_Data section_
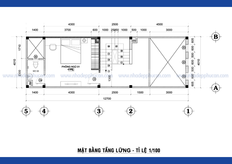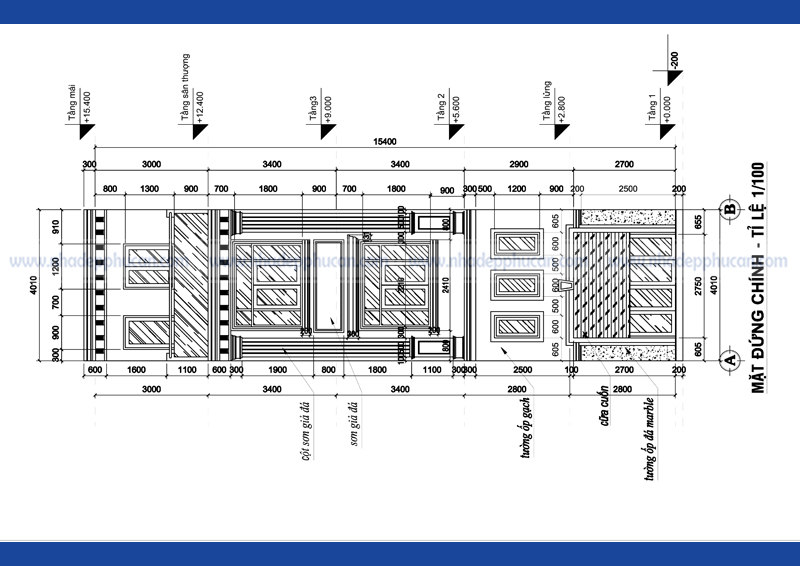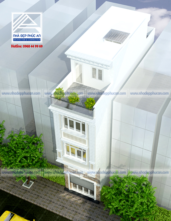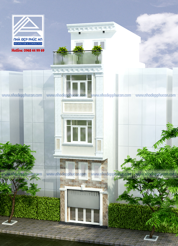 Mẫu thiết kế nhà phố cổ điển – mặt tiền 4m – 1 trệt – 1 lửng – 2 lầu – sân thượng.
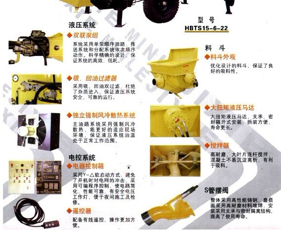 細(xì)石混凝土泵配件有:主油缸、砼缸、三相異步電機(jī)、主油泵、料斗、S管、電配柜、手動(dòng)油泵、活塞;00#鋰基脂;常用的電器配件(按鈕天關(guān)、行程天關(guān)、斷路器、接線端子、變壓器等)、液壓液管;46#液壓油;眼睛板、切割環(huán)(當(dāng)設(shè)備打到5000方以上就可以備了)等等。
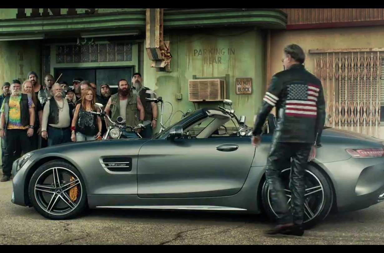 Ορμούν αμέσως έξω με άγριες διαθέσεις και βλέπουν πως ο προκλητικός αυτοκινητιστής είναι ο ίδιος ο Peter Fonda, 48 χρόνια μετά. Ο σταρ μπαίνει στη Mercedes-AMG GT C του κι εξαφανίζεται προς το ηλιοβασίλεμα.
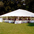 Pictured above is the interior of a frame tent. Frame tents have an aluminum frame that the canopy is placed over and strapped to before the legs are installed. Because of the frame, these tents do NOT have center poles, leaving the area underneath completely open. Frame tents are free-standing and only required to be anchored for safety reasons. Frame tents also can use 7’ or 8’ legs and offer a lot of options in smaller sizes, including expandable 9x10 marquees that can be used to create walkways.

_Exercise directions_
Exclude all pictures and return precisely the lines from the one containing "Ορμούν αμέσως έξω" through the closing line of the data.

_Response_
 Ορμούν αμέσως έξω με άγριες διαθέσεις και βλέπουν πως ο προκλητικός αυτοκινητιστής είναι ο ίδιος ο Peter Fonda, 48 χρόνια μετά. Ο σταρ μπαίνει στη Mercedes-AMG GT C του κι εξαφανίζεται προς το ηλιοβασίλεμα.
 Pictured above is the interior of a frame tent. Frame tents have an aluminum frame that the canopy is placed over and strapped to before the legs are installed. Because of the frame, these tents do NOT have center poles, leaving the area underneath completely open. Frame tents are free-standing and only required to be anchored for safety reasons. Frame tents also can use 7’ or 8’ legs and offer a lot of options in smaller sizes, including expandable 9x10 marquees that can be used to create walkways.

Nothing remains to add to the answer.